Shop Direct uses Hortonworks and SAS analytics to personalise customers' shopping experience
If you're shopping in the sports section and like Nike and white, the first thing you'll see is a white Nike product, says group CIO Andy Wolfe
Shop Direct, the UK firm that owns the likes of Littlewoods and Very.co.uk, has run a "personalised sort order" trial in which customers are targeted with products that fit their history and preferences, according to its group CIO, Andy Wolfe.
The firm, which recently announced profits of £71.7m, is using a combination of Hadoop, for which it uses the Hortonworks distribution, and SAS analytics, to analyse a customer's previous transactions and preferences and use them to show specific products to consumers first in the hope of making more sales, and increasing customer satisfaction.

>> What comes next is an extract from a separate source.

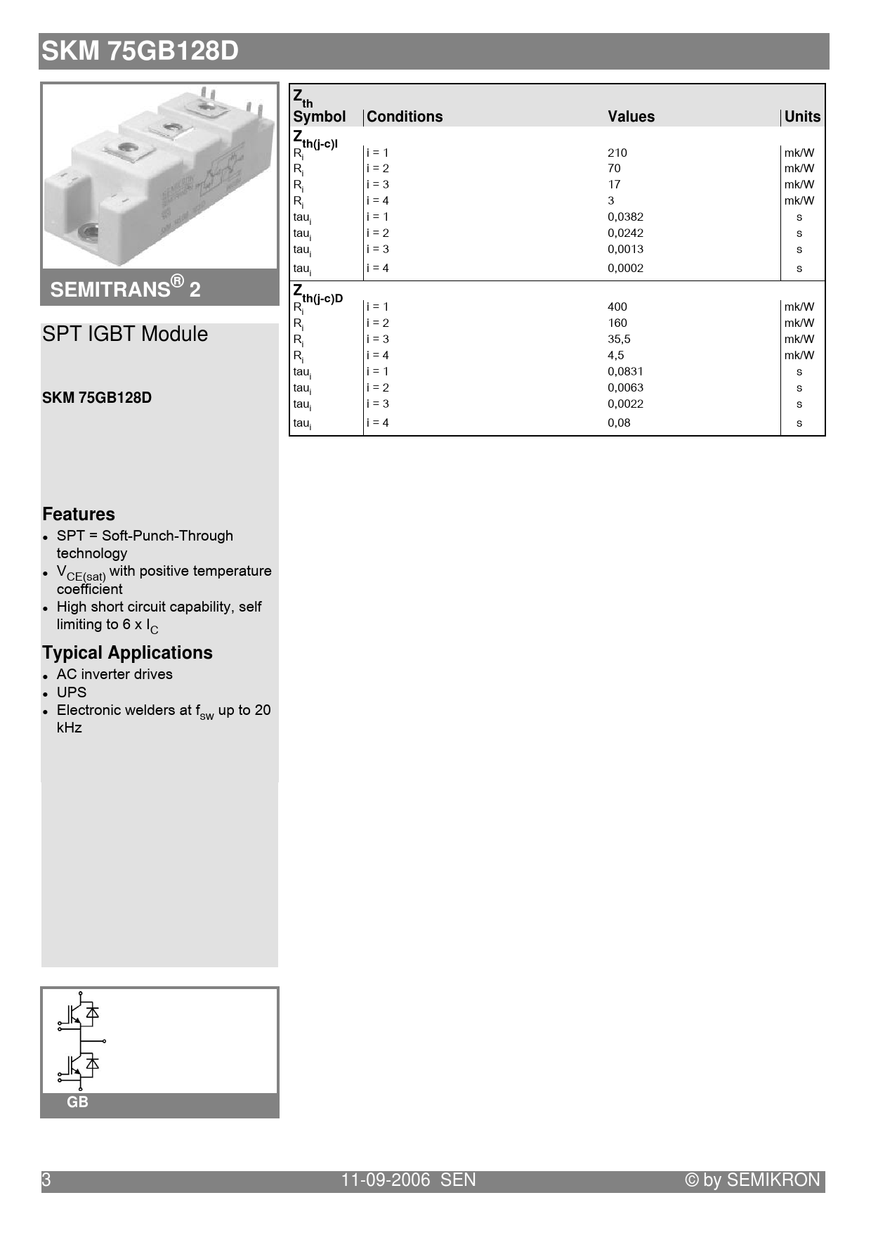 SKM 75GB128D. Zth Symbol. Conditions. Values. Units. Zth(j-c)l. SEMITRANS® 2. Zth(j-c)D. Features. Typical Applications

"The essence of the trial was to look at the [customer] data, look at the browsing history and what you've been interested in before. So if you're a customer who seems to like Nike and the colour white, and you were shopping for sports [products] on our site, then we'd show you Nike products, and white products - and a combination of the two - on our site first," Wolfe told Computing at Oracle OpenWorld in San Francisco this week.
"So we're using some of the data to connect the dots, to increase conversion," he said.
But how can Shop Direct ensure that using data doesn't become intrusive?
"You have to have the customer at the heart of what you're doing; being transparent with what you're holding; giving the customer the ability to control that data," Wolfe said.
"It's about making sure that you're ultimately creating digital confidence with something that consumers feel they are getting value from, and a richer experience from us connecting the dots," he added.
Big data is unsurprisingly a huge part of Shop Direct's strategy, and the firm is investing significantly in big data technologies. Wolfe finished by adding that one of the biggest challenges is finding the data scientists that understand those big data products as they're in short supply.